Activity - Each line in the material below, starting at the one with "Así también, la" and ending at the one with "原動機：L20、L24、S20 適合：S30、PS30、S130 価格：¥9,960/SET", is to be reproduced exactly; no picture is to be copied.

The data -
^^^^^^^^

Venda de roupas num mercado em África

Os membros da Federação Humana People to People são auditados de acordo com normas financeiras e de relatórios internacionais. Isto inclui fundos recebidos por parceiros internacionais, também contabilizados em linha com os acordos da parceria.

^^^^^^^^

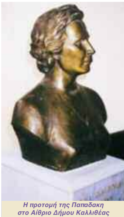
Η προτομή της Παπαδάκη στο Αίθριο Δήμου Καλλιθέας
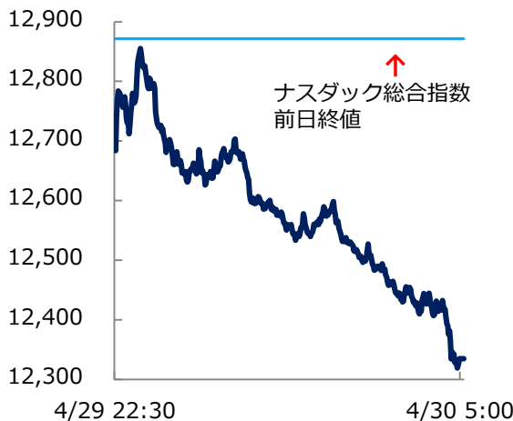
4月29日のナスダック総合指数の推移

^^^^^^^^

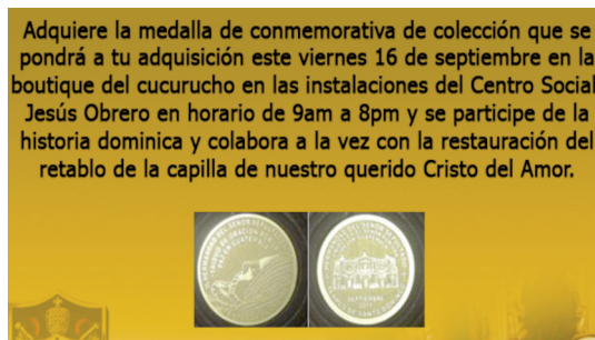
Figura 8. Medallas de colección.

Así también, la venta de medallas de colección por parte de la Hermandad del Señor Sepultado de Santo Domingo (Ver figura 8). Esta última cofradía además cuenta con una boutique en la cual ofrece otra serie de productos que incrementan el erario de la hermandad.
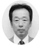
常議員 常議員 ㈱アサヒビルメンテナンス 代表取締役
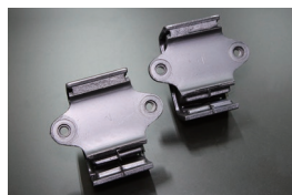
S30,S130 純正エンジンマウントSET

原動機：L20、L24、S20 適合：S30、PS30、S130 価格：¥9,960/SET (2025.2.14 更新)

^^^^^^^^

Exercise answer -
Así también, la venta de medallas de colección por parte de la Hermandad del Señor Sepultado de Santo Domingo (Ver figura 8). Esta última cofradía además cuenta con una boutique en la cual ofrece otra serie de productos que incrementan el erario de la hermandad.
常議員 常議員 ㈱アサヒビルメンテナンス 代表取締役
S30,S130 純正エンジンマウントSET

原動機：L20、L24、S20 適合：S30、PS30、S130 価格：¥9,960/SET (2025.2.14 更新)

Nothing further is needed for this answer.